Wide ranging measures to help the hundreds of rough sleepers across Greater Manchester have been revealed including £1.8m of new funding.

The Mayor of Greater Manchester Andy Burnham said the money, one of just eight social impact bonds (SIB) approved and the largest outside of London, will help to provide accommodation, intensive health support and improvements in the way homeless people are encouraged into education or work for up to 200 people.

The news comes just two weeks after the Mayor called on all public bodies in Greater Manchester to work together to end homelessness and rough sleeping with immediate action.

Representatives from all of those organisations attended a meeting of Greater Manchester’s Reform Board met to suggest wide ranging, practically-focused actions that could be taken to ensure homelessness and rough sleeping are immediately reduced.

These actions include an immediate call to the Government to halt the roll out of the Universal Credit benefit scheme, which all members of the Reform Board agreed was fundamental to reducing rough sleeping and homelessness across the city region.

The Mayor said: “This is not a political point. I am speaking for the entire board – the entire public sector in Greater Manchester – when I make this plea to the Prime Minister and Government. You must suspend the roll out of the Universal Credit benefit. It was a unanimous view in the meeting that Universal Credit will make the homeless and rough sleeping problem here dramatically worse. I say in all sincerity, please listen and put it on hold. If it goes ahead as planned we will see a much greater problem unfold in front of our eyes.”

Amongst other measures announced was a £1.8million Social Impact Bond (SIB) – a Government-backed bond using money provided by the private sector to deliver improvements including finding and keeping a home, making sure support is provided to find employment, education or training, providing
intensive support around people on an individual basis and enabling people to access specialist support services around mental health and addiction

It is expected that the new service will be on the streets of Greater Manchester by the end of October, helping people during the critical winter months.

There has also been a commitment to opening all 41 fire stations across Greater Manchester to be used to support homeless people, partnering with community and voluntary groups to provide a range of services such as food and drink.

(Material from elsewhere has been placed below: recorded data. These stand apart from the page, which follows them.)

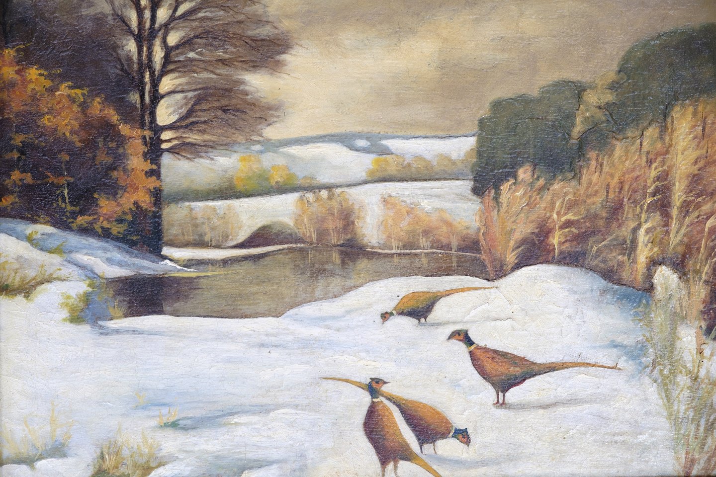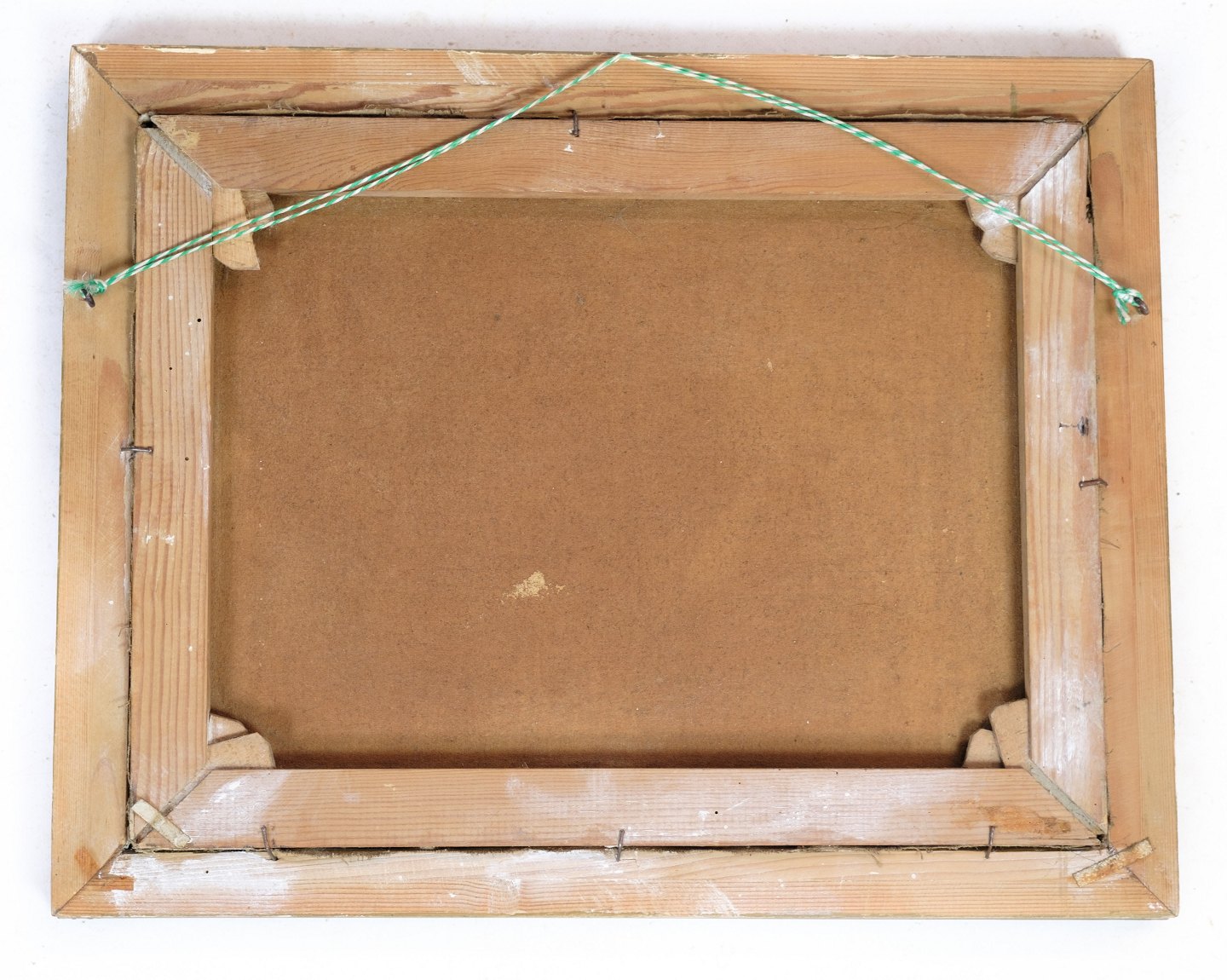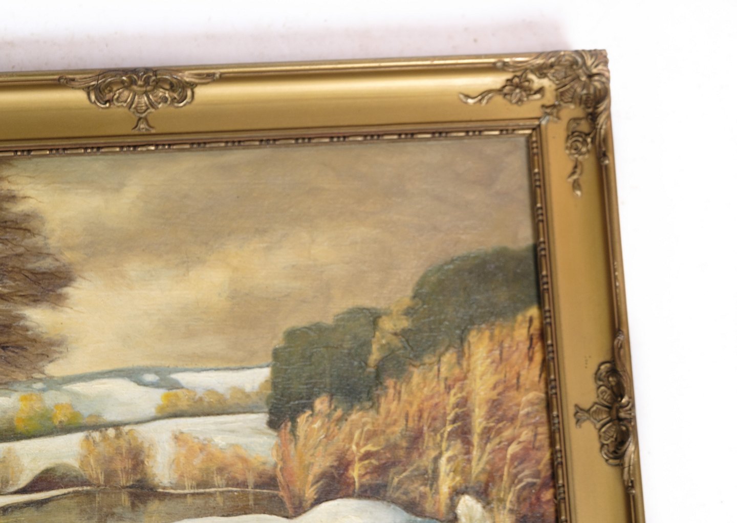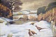 Maleri på lærredet i antik ramme af små huse og landskab med sne fra omkring 1930'erne
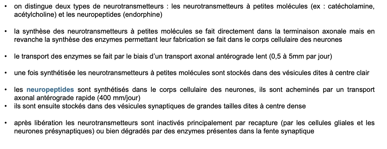Petites molécules : synthÚse dans la terminaison axonale ; les enzymes nécessaires sont synthétisées dans le soma.
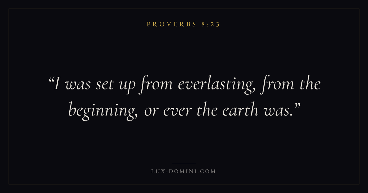 Books / Proverbs / Chapter 8 / Verse 23 ← Proverbs 8:22 Proverbs 8:23 Proverbs 8:24 → I was set up from everlasting, from the beginning, or ever the earth was. Download verse card Share on Twitter Share on Facebook Pin it ✦ Key themes Anxiety and fearWisdomJustice and mercyFear of the Lord Read with Proverbs 8:22Proverbs 8:24Philippians 4:6Isaiah 41:10 Related topics Bible verses about anxiety and fearBible verses about wisdomBible verses about justice and mercy ✦ Proverbs Chapter 8 verses V. 1 V. 2 V. 3 V. 4 V. 5 V. 6 V. 7 V. 8 V. 9 V. 10 V. 11 V. 12 V. 13 V. 14 V. 15 V. 16 V. 17 V. 18 V. 19 V. 20 V. 21 V. 22 V. 23 V. 24 V. 25 V. 26 V. 27 V. 28 V. 29 V. 30 V. 31 V. 32 V. 33 V. 34 V. 35 V. 36

The Mayor said: “I have made ending rough sleeping in Greater Manchester a personal priority and these developments represent a major breakthrough on that journey. This new money will provide real solutions to help people to get off the streets and find warmth, safety and a better life with work.

“But while it is major progress, there is still a huge challenge in front of us. There is good work already being done across Greater Manchester by our councils and others but with so many people on the streets we always have to challenge ourselves to go further.

“This is a crisis unfolding before our eyes and will only be solved if we work as one and bring the contribution of public, private and voluntary sectors together. We have to think differently and try new ideas and ways of improving the lives of hundreds of people who don’t have a home to call their own.”